Kerikeri

2nd December. We have to repeat the date consciously, a temperature around 20° C tempts you to forget the season. Right after breakfast I call my parents at home to wish a nice first advent. My mother reminds me that the first advent only starts tomorrow but we already reached tomorrow! People at home are snowed in, it is frosty. We enjoy another day in perfect weather and decide to take the other direction today, to Kerikeri in the Bay of Islands.

Kerikeri is a typically stretched town with one main crossroad and shops and behind that circuitous dwellings. The historic center can be found a bit out of town, at the bay. It consists of a remarkable old stone building, the old mission, and a handful of old wooden buildings – that’s all. It just takes half an hour to see everything including the Maori Pa. What I think worth seeing is the reconstruction of an Maori village with some huts and a large canoe amongst other things.

As there is still enough time we take a walk on the track along the Kerikeri River to some impressive waterfalls. We really love that path, we feel like walking through an enchanted forest from time to time.

On our way back we take another route leading us to a Kauri forest. Gernot pilots me along kilometres of gravel road right through the bush. The poor car – but it’s worth it. In Manginangina Scenic Reserve you can walk a 390m loop paths trough a very old forest. We see some of the remaining few Kauri trees. We are deeply impressed. The Kauris are growing high up into the sky, it feels like standing in a cathedral of trees.

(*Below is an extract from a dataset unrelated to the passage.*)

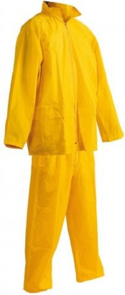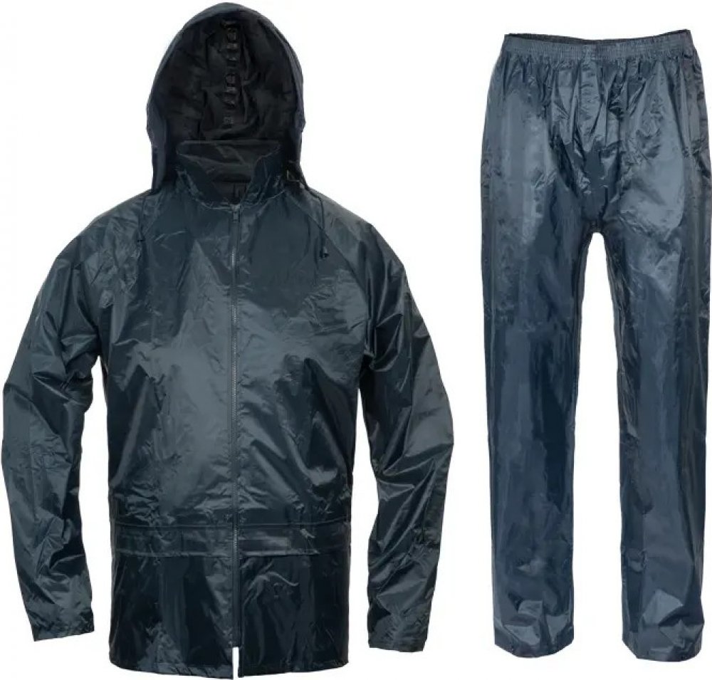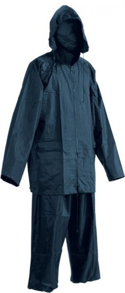 Dvoudílný voděodolný oblek s kapucí; ¾ plášť s integrovanou kapucí v límci a kalhoty v pase do gumy; dvě přední široké kapsy kryté légami proti průniku vody; spodní část rukávů lze regulovat drukem; ventilace na zádech a v podpaží; transportní obal.

Without respect for this precious heritage many of the Kauris were chopped to create farmland. Other trees became victims of the gumdiggers after digging for gum became more and more difficult. If you hurt the Kauri bark the tree will produce the valuable resin for protection. The gumdiggers just climbed up the trees and hit holes in them everywhere. Finally the trees were so weak they just fell over.

Again we are alone, nobody here but us. So we can take the occasion to just sit still and listen. Besides a New Zealand Robin unhurriedly wiping his plumage in the sun we don’t see any other birds.

We also don’t see one the detested possums. As in a lot of other places in New Zealand they also installed traps in Manginangina Scenic Reserve to cope with this plague. Though meanwhile there are said to be about 70 Million possums living on the islands you actually see them knocked over sticking flatly to the asphalt. Possums have originally been imported for their furs, but this project completely got out of control. As a matter of fact they still combine sheep wool and possum fur to soften the final product.

In the evening the time has come to pack our things, our days in Cooper’s Beach have already passed. We leave our holiday cottage with one eye laughing and one crying. We really felt comfortable, apart from the problems concerning water supply and apart from the ants launching themselves on every crumb in the kitchen that you carelessly forget to wipe away.